Das klappt soweit auch ganz gut, aber bei  Locales muß ich dann

jede einzelne Datei per Symplink ins entsprechende kde-Verzeichnis umbiegen... per Hand, weil /usr/share/locales ja auch die Übersetzungsdaten anderer Programme enthält und ich mir nicht mein kde-Verzeichnis mit "fremden"

Dateien überfrachten möchte.

Gibt es eine Erklärung, weshalb Apps nun nach /usr kommen? Und muß ich evtl. noch irgendetwas umkonfigurieren, damit die Apps auch dann laufen, wenn sie "nur" unter /usr liegen.

Es kann doch nicht der Sinn und Zweck sein, daß man erst einen haufen

Dateien symbolisch rumschiebt, damit andere als die Core-Apps laufen?

Gruß Daniel

----------

## Rikyu

Selbst das verbiegen der Verzeichnisse mit Symlinks bringt bei mir keinen Erfolg  :Sad:  KOffice Anwendungen lassen sich nicht starten.

Glücklicherweise habe ich meine Suse Installation noch nicht gelöscht, da ich einige wichtige Dokumente unter KOffice habe.

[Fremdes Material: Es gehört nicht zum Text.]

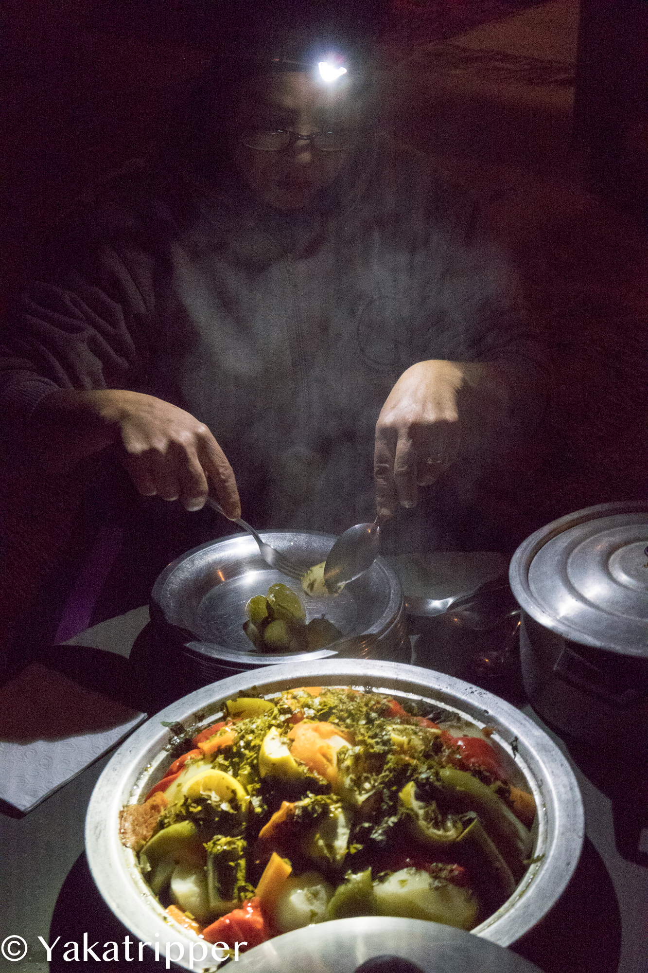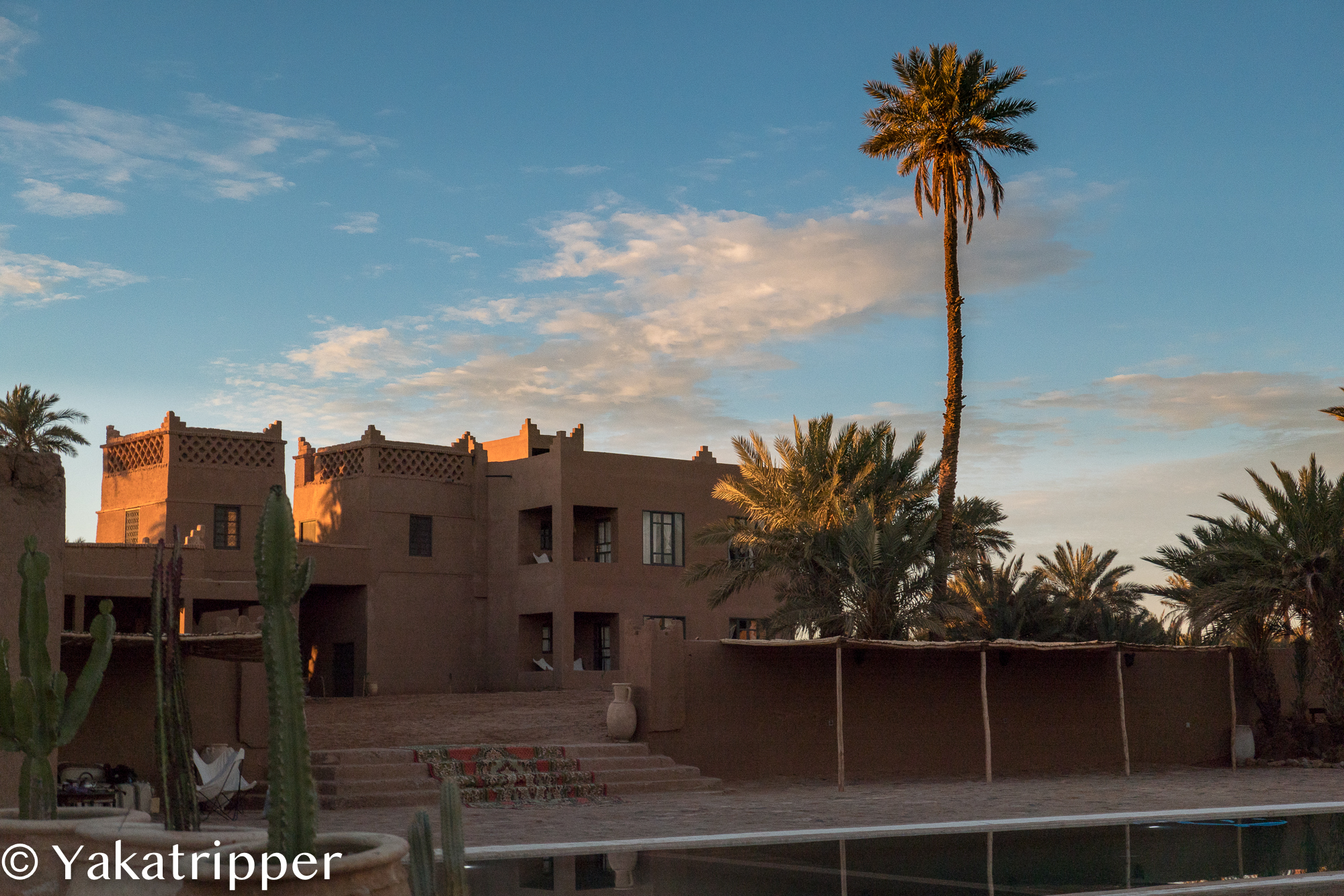 Nous sommes accueillis avec un thé marocain, des crêpes et de délicieuses confiture. L’eau de la piscine est fraiche mais la température de l’après midi ayant été quelque peu élevée (environ 34° au thermomètre de Fabrice), je me promet d’y plonger après la pause « thé ». Je prendrai finalement une douche et la fraicheur de la nuit me coupera l’envie de ce bain nocturne. Nous nous mettons à table autour d’un fabuleux tagine (une fois de plus) et enchainerons avec un beau moment autour du feu avec quelques locaux équipés de Djembés. Chacun de nous s’y essayera avec plus ou moins de succès. (vidéo à venir).
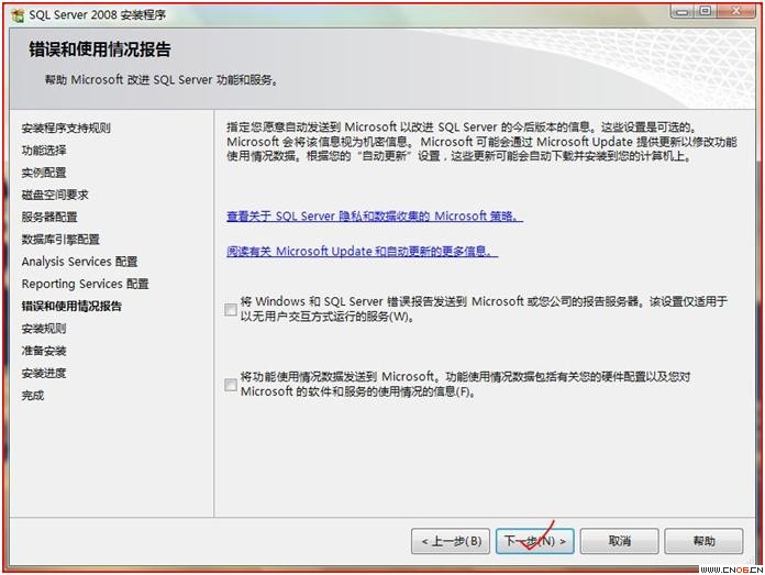 错误和使用情况报告,这里我们不选择向微软发送错误报告,直接”下一步”;
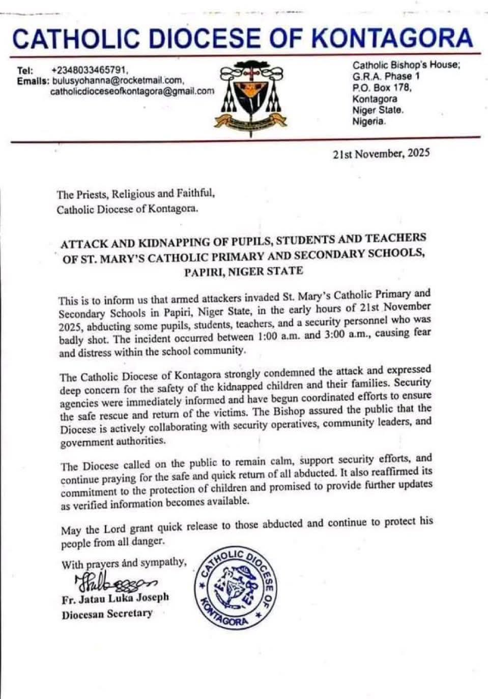 The Diocesan Secretary of Catholic Diocese of Kontagora, Father Jatau Luka Joseph, confirmed the incident in a statement.

Diese anscheinend nicht besonders gut getestete Änderung wirft meine Meinung von Gentoo ein ganzes Stück zurück, ich war bisher eigentlich voll Überzeugt von Gentoo, das aber ein funktionierendes System derart durch ein Update einer Anwendung kaputt gemacht werden kann stimmt mich etwas fraglich zumal noch nicht mal ein downgrade auf die alte Version das Problem behebt.

----------